Luke Xu
Luke Xu

Reputation: 2440

How does variable binding work with recursion in Haskell?

I was reading about Haskell and it stated that once a variable is bound to an expression it cannot be rebound for example

x = 10
x = 11

Assign.hs:2:1: error:
    Multiple declarations of ‘x’
    Declared at: Assign.hs:1:1
                 Assign.hs:2:1

So if this is the case... how is recursion working where the same variable keeps getting bound to other things? For example

drop n xs = if n <= 0 || null xs
              then xs
              else drop (n-1) (tail xs)

the variable n... is being bound again and again every time the function recurses. Why is this allowed?

Also if you guys could tell me some key words to search for so I can learn more about this myself I'd highly appreciate it.

Upvotes: 3

Views: 1766

Answers (3)

Ben
Ben

Reputation: 71535

In almost any language, identifiers are only meaningful because they exist in a scope; conceptually a sort of implicit map from names to the things they denote.

In modern languages you usually have (at least) a global scope, and each local scopes associated with each function/procedure. Pseudocode example:

x = 1
print x
x = 2
print x

function plus_one(a):
  b = 1
  return a + b

print plus_one(x)

x is a name in the global scope, a and b are names in the local scope of the function plus_one.
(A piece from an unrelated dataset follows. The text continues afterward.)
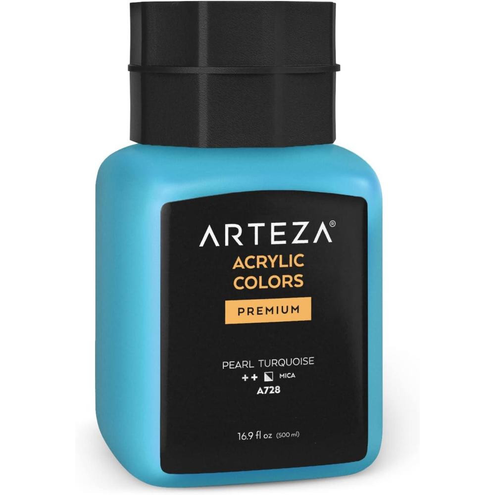 ARTEZA Acrylic Paint, A104 Yellow Ochre, 16.9 fl oz, 500ml Jar, Opaque, Quick-Drying, Acrylic Paints for Painting on Canvas, Paper, Wood(A728 Pearl Turquoise)

Imperative languages (and non-pure declarative languages) are generally understood by thinking of those names as mapped to a sort of slot or pigeon hole, into which things can be stored by assignment, and the current connects referred to by using the name. This works only because an imperative step-by-step way of thinking about these programs gives us a way of understanding what "current" means.1 The above example shows this; x is first assigned 1, then printed, then assigned 2, then printed again; we'd expect this to print "1" and then print "2" (and then print "3" from the last line).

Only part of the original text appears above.